One can check algebraically that the expressions (4),(6) and (5),(7) are equivalent in the matrix case, or we may proceed as follows.

Let $V = \left[ \begin{array}{cc} V_{11} & V_{12}\\ V_{21} & V_{22} \end{array} \right] = \left[ \begin{array}{cc}E(XX^T) & E(XY^T)\\ E(YX^T) & E(YY^T) \end{array} \right]$ be the covariance matrix of the joint vector $\left[ \begin{array}{c} X\\ Y \end{array} \right]$. Then since $Y = CX + V$ we have $V_{11} = \Sigma_X$ and \begin{aligned} V_{12} &= V_{21}^T\\ &= E(XY^T)\\ &= E(X(CX + V)^T\\ &= EXX^T C^T + EXV^T\\ &= \Sigma_X C^T. \quad\quad(10) \end{aligned}

Then as the Gaussian vector $\left[ \begin{array}{c} X\\ Y \end{array} \right]$ is zero-mean with covariance $V$, the joint pdf of $X$ and $Y$ is proportional to $\exp \left(-\frac{1}{2} [X^T Y^T]V^{-1}\left[ \begin{array}{c} X\\ Y \end{array} \right] \right)$.

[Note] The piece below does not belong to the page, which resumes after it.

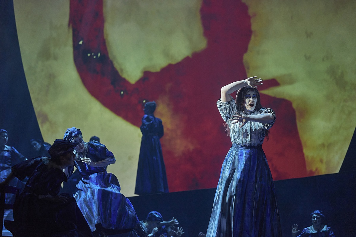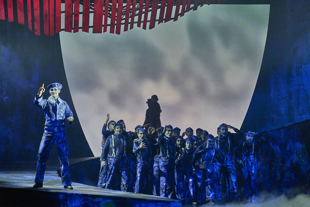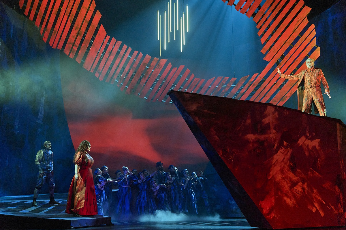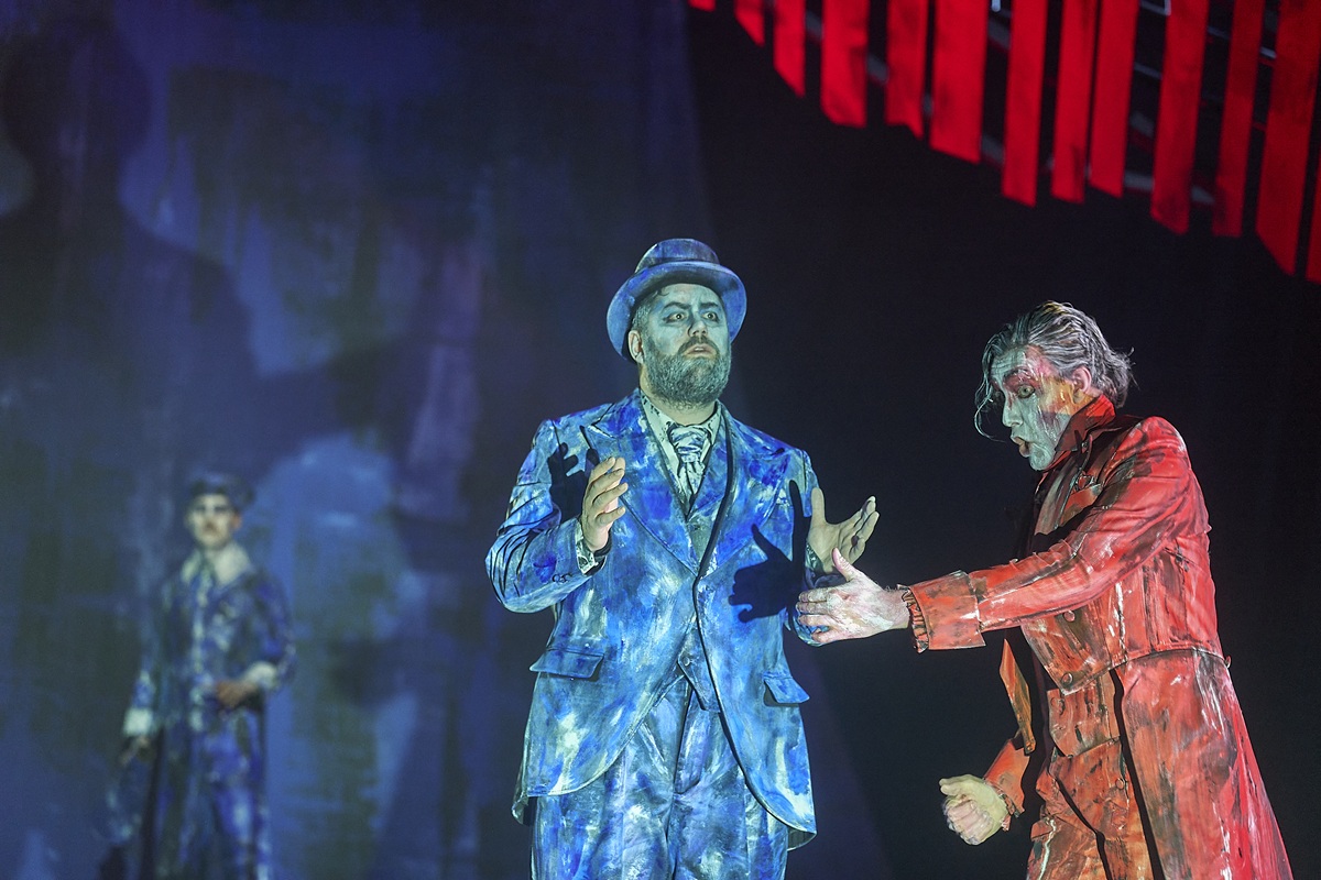 Die Inspiration für seine Interpretation zieht Dennis Krauß aus dem Werken des Norwegischen Malers Edvard Munch und scheint sich hier vor allem auf dessen Bild Vampir (https://de.wikipedia.org/wiki/Vampir_(Munch)) zu fokussieren. Die Farbgebung in seinem Holländer scheint 1:1 aus diesem Bild entnommen – Daland, Erik und Konsorten kommen in Blau daher, der Holländer in feurigem Rot. Das gibt ihm schon von Beginn an etwas Teuflisches und der niederländische Bass-Bariton Martin-Jan Nijhof, der die Titelpartie als Gast übernimmt, unterstreicht diese Facette mit seinem prachtvoll-verführerischen Gesang, der mächtig über den Graben schallt und doch weit entfernt ist von so manch grobschlächtiger Interpretation der Titelfigur aus Wagners erster Erfolgsoper. Die Drehbühne wird von einer Rampe beherrscht, die mit Licht und Schatten spielt und wie ein Schiff aus dem Trockeneisnebel auftaucht. Die Protagonistinnen und Protagonisten wirken wie von Munch mit grobem Pinselstrich ge- bzw. bemalt und unterstreichen den märchenhaften Ansatz von Krauß. Der hat sich überdies Hilfe vom der israelischen Choreografin Gal Feffermann geholt und lässt das Sängerpersonal genau abgestimmte Bewegungen ausführen. Das scheint bisweilen ein wenig gekünstelt und aufgesetzt – doch genau dieser Effekt ist gewollt und unterstreicht die Wirkung, als habe man gerade in einem Bilderbuch die nächste Seite aufgeschlagen.

The key step now is to make use of the following identity (also see this explanation) based on completion of squares: $\displaystyle \exp \left(-\frac{1}{2} [X^T Y^T]V^{-1}\left[ \begin{array}{c} X\\ Y \end{array} \right] \right) = \exp\left( -\frac{1}{2} (X^T - Y^TA^T) S_{22}^{-1}(X-AY)\right) \exp\left( -\frac{1}{2} Y^T V_{22}^{-1} Y\right),\quad\quad(11)$

where $A$ and $S_{22}$ are matrices, defined similarly to $A$ and $s$ in the scalar equation $\displaystyle ax^2 + 2bxy + cy^2 = a(x-Ay)^2 + sy^2.$

We will show that $A = V_{12}V_{22}^{-1}$ and $S_{22} = V_{11} - V_{12}V_{22}^{-1}V_{21}$ ( $S_{22}$ is the Schur complement of $V_{22}$ in $V$ also discussed in this previous blog post).

The second term in the right side of (11) is proportional to the pdf of $Y$ (being Gaussian) $p(Y)$, so the first term must be proportional to the conditional pdf $p(X|Y)$. We are left to find $S_{22} = \text{cov}(X|Y)$ and $AY = E(X|Y)$.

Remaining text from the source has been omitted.